We download - via urls from the previuos point - and memorize all the html files in a directory organized as follows:
* a new **dir** `page_i` is created for each page, where is collected each `html` of the relative web page.

In [None]:
# Get the html files
c_html.get_content()

### *1.3* **Parse downloaded pages**
At this point, you should have all the html documents about the animes of interest and you can start to extract the animes informations. 

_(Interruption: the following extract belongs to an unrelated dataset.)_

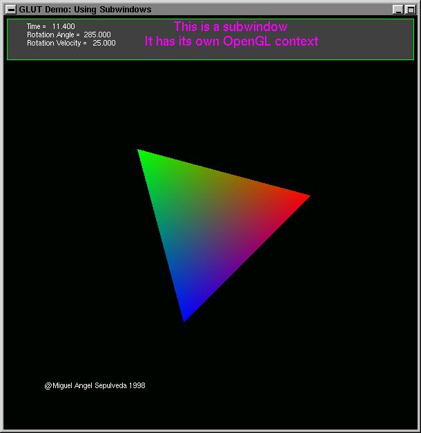 This concludes a very simple introduction to the use of GLUT subwindows. At this point I have to mention that although it is good to experiment with them and test them under various platforms unfortunately GLUT subwidows are not fully operational in all environments. Users with 3Dfx based cards will find that subwindows are not functional yet due to hardware limitations. Also I have found a big performance penalty when using subwindows under certain platforms. For instance, under my Linux Alpha with a 2Mb Matrox Millenium a subwindow makes the application run about twice as slow, probably because unfortunately the X server for Alphas still doesn't support any hardware acceleration. On the other hand, the same application under windows 95 with a 2Mb ATI RageII with SGI's OpenGL driver runs wonderfully.

**Get the needed information about animes**

Here we read each `html` files previously collected to get the requested information from the web pages and we create `tsv` files to memorize them. Each directory - so each page - contains a directory where all the `tsv` of the corresponding `html` files is memorized.

In [None]:
# Get the info about the animes
a_info.parallelize_parsing(path)

## *2* **Search Engine**

### *2.1* **Conjunctive query**

#### *2.1.1* **Create your index!**

After collecting the necessary data, we started focusing on the search engine.
We initialized some needed objects and files in **JSON** format.

In [None]:
# Initialize object that will be needed: shared 'managed' dictionaries
manager = mp.Manager()
vocabulary = manager.dict()
inverted_index = manager.dict()
complex_index = manager.dict()
docs_short = manager.dict()

# Shared 'managed' counter and lock, useful to control tasks and incrementing the counter properly
v = manager.Value(ctypes.c_ulonglong, 0)
lock = manager.Lock()

# Stemming utilities
nltk.download('punkt')
porter = PorterStemmer()

[nltk_data] Downloading package punkt to
[nltk_data]     C:\Users\USER\AppData\Roaming\nltk_data...
[nltk_data]   Package punkt is already up-to-date!

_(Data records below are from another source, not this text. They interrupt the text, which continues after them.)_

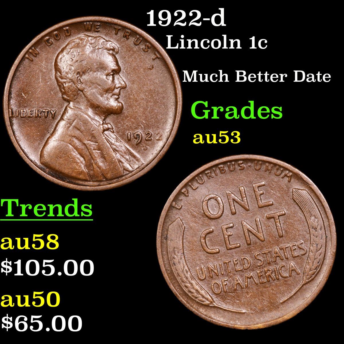 1922-d Much Better Date . Lincoln Cent 1c Grades Select AU.
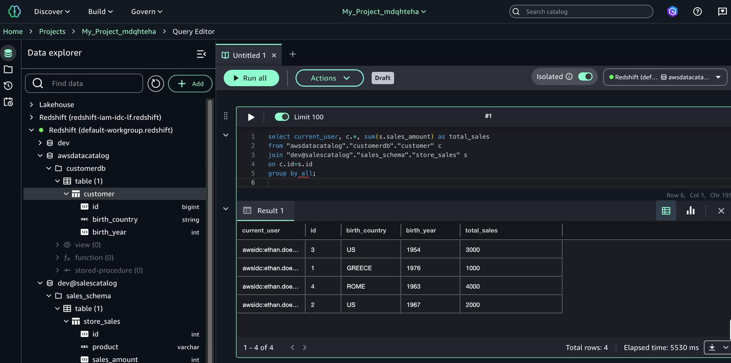 - Users are authenticated as IAM Identity Center users, ready to explore and analyze data using Amazon Redshift and Amazon Athena.
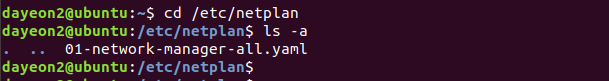 그 후, netplan 디렉터리로 들어간다.

At this point, we computed some `JSON` files that we will use in the next points:

* `vocabulary.txt`: a *txt* file whose lines contain a pair, a pre-processed word and its unique code identifier;
    
* `inverted_index.json`: a *JSON* file whose line contain a pair, a word ID and a list of documents in which the word is present. The documents are represented as a string composed by the string document and their identification number;
    
* `tf_complex_index.json`: similar to *inverted_index*, but the list of documents contains tuples (document, *tf index*). At this point we only have the *tf* - we will get the *Idf* after.

In [None]:
# Get JSON files for further calculations
voc.parallelize_process_anime(path, vocabulary, inverted_index, complex_index, porter, v, lock)
voc.write_index(vocabulary, "vocabulary")
voc.write_index(inverted_index, "inverted_index")
voc.write_index(complex_index, "tf_complex_index")

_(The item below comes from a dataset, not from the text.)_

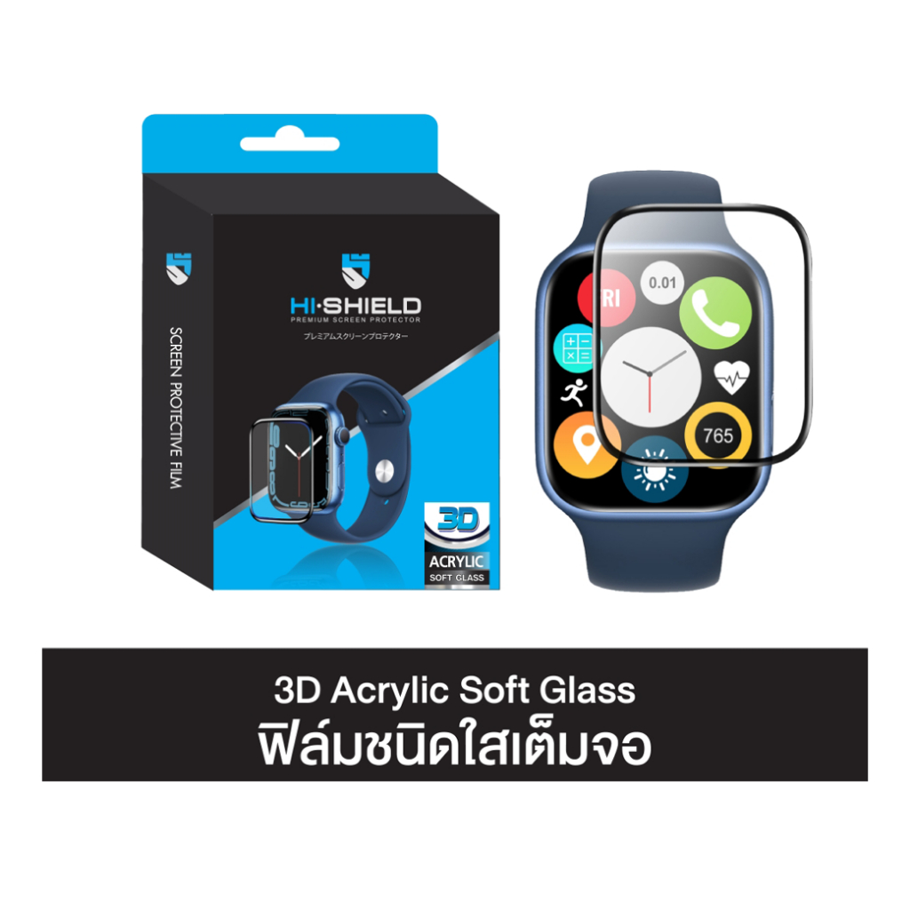 Hishield - ฟิล์มกึ่งกระจกสำหรับ Apple Watch Series 7/8/10 (41,42,45,46mm) รุ่น 3D Acrylic Soft Glass

Now we compute two other documents which are needed to get the **cosine-similarity**: 

* `tfIdf_complex index.json`: as the *tf_complex_index*, but with the *tfIdf index* instead of the *tf* one. Having two step was necessary since, in order to compute the *Idf index*, we needed some overall information, which was previously missing. After we got the information (stored in the *inverted_index.json*), the rest could be done;
    
* `docs_short.json`: a complementary `json` file needed to compute the custom measure.

In [None]:
# At this point we have an incomplete complex_index since the number associated to each doc is only the tf part
# Get complete tfIdf complex_index
voc.get_complex_index(complex_index)
voc.write_index(complex_index, "tfIdf_complex_index")
# Get index with documents as key to retrieve information on members/popularity of each anime
voc.parallelize_docs_short(path, docs_short, porter)
voc.write_docs_short(docs_short)

#### *2.1.2* **Execute the query**

In [None]:
# Run conjunctive query and print the result in a table format
docs = voc.conjunctive_query(porter)
voc.print_tables(docs, path, "")

Search keys - conjunctive query : saiyan race


Unnamed: 0,animeTitle,animeDescription,Url
0,Dragon Ball Kai,"Five years after the events of Dragon Ball, ma...",https://myanimelist.net/anime/6033/Dragon_Ball...
1,Dragon Ball Z,Five years after winning the World Martial Art...,https://myanimelist.net/anime/813/Dragon_Ball_Z\n
2,Dragon Ball Super: Broly,"Forty-one years ago on Planet Vegeta, home of ...",https://myanimelist.net/anime/36946/Dragon_Bal...
3,Dragon Ball Z Special 1: Tatta Hitori no Saish...,"Bardock, Son Goku's father, is a low-ranking S...",https://myanimelist.net/anime/986/Dragon_Ball_...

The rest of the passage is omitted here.